■ Provided material
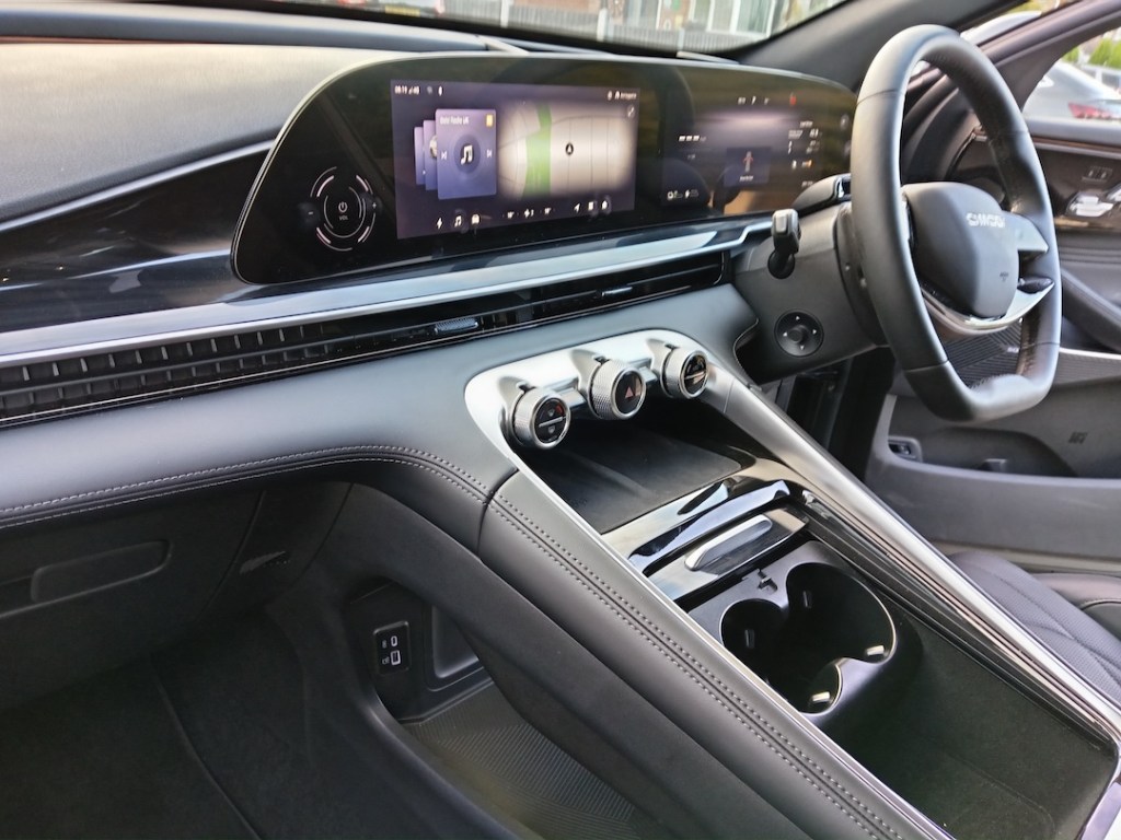While the graphics are top-notch, the menu system isn’t entirely intuitive, though the three rotary controls for climate and drive selection are easy to use.
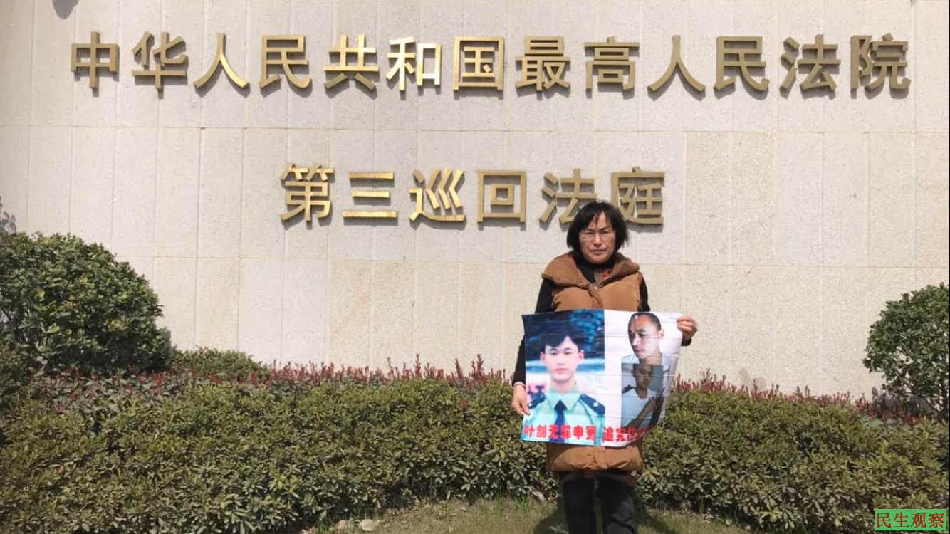 但叶桂香表示,每次提交申诉材料,官员都以各种借口推诿责任。2017年8月叶桂香又一次向南京第三巡回法庭递交了儿子叶剑被蒙冤坐牢的书面证据材料,当时接待法官收下材料后要叶桂香三个月之后等结果。三个月后法官却告知申诉的材料不全。无奈叶桂香再次按法官要求把所有的材料包括新补充的证据全部递交,又等了四个月,可盼来的结果还是一样。
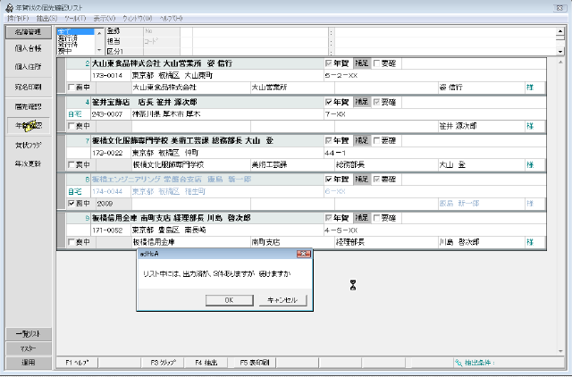 宛名印刷の指定で既に出力済みがあると確認メッセージが表示されます

■ Task statement
Write out again every line above exactly as given; the pictures do not belong in the copy.

■ Written solution
While the graphics are top-notch, the menu system isn’t entirely intuitive, though the three rotary controls for climate and drive selection are easy to use.
 但叶桂香表示,每次提交申诉材料,官员都以各种借口推诿责任。2017年8月叶桂香又一次向南京第三巡回法庭递交了儿子叶剑被蒙冤坐牢的书面证据材料,当时接待法官收下材料后要叶桂香三个月之后等结果。三个月后法官却告知申诉的材料不全。无奈叶桂香再次按法官要求把所有的材料包括新补充的证据全部递交,又等了四个月,可盼来的结果还是一样。
 宛名印刷の指定で既に出力済みがあると確認メッセージが表示されます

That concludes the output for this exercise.